# BAM store needs support for .csi indexes #926

Closed
opened this Issue Sep 12, 2017 · 10 comments

Projects
None yet
7 participants
Contributor

### keiranmraine commented Sep 12, 2017

 I'm pretty sure that it doesn't but it's worth being aware that *.csi indexes will replace *.bai eventually, even for*.bam files. samtools/hts-specs#240 (comment) I'm not aware of any progress on migration htslib based parsing of bam/cram.

Closed

### sagnikbanerjee15 commented Jan 15, 2018

 Hello, I am working with Barley which have very large chromosomes. Could you please suggest a way in which I could visualize the alignments in JBrowse and still bypass the issue with indices. Thank you.

Closed

Contributor

### nathandunn commented Jan 29, 2018

 5.3 C source code for computing bin number and overlapping bins The following functions compute bin numbers and overlaps for a BAI-style binning scheme with 6 levels and a minimum bin size of 214 bp.
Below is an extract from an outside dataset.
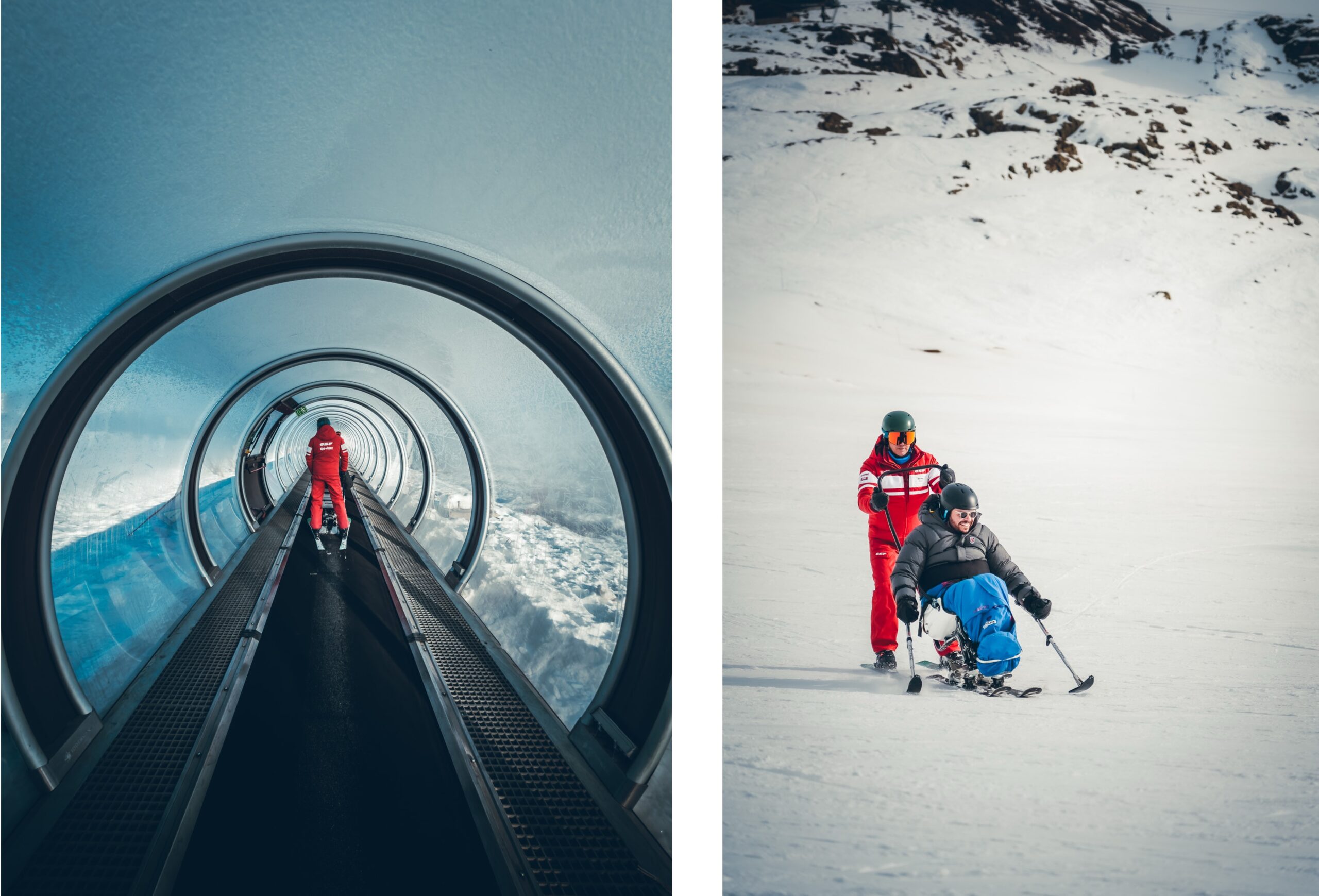 Aujourd’hui, l’objectif est de retrouver des sensations en dual ski. Arnaud m’aide à m’installer dans la coque, on emprunte une petite passerelle pour rejoindre la piste et c’est parti ! Durant un peu plus de deux heures, on enchaine les descentes sur des pistes vertes plus ou moins pentues. L’apprentissage se fait étape par étape : retrouver mon équilibre à l’aide des stabilo, réussir mes virages en gérant ma vitesse.

See the CSI specification for generalisations of these functions designed for binning schemes with arbitrary depth and sizes. /* calculate bin given an alignment covering [beg,end) (zero-based, half-closed-half-open) */ int reg2bin(int beg, int end) { --end; if (beg>>14 == end>>14) return ((1<<15)-1)/7 + (beg>>14); if (beg>>17 == end>>17) return ((1<<12)-1)/7 + (beg>>17); if (beg>>20 == end>>20) return ((1<<9)-1)/7 + (beg>>20); if (beg>>23 == end>>23) return ((1<<6)-1)/7 + (beg>>23); if (beg>>26 == end>>26) return ((1<<3)-1)/7 + (beg>>26); return 0; } /* calculate the list of bins that may overlap with region [beg,end) (zero-based) */ #define MAX_BIN (((1<<18)-1)/7) int reg2bins(int beg, int end, uint16_t list[MAX_BIN]) { int i = 0, k; --end; list[i++] = 0; for (k = 1 + (beg>>26); k <= 1 + (end>>26); ++k) list[i++] = k; for (k = 9 + (beg>>23); k <= 9 + (end>>23); ++k) list[i++] = k; for (k = 73 + (beg>>20); k <= 73 + (end>>20); ++k) list[i++] = k; for (k = 585 + (beg>>17); k <= 585 + (end>>17); ++k) list[i++] = k; for (k = 4681 + (beg>>14); k <= 4681 + (end>>14); ++k) list[i++] = k; return i; }
Contributor Author

### keiranmraine commented Feb 15, 2018

 FYI, csi also applies to files that have traditionally used tabix indexing *.tbi: \$ tabix -h ... Indexing Options: ... -C, --csi generate CSI index for VCF (default is TBI)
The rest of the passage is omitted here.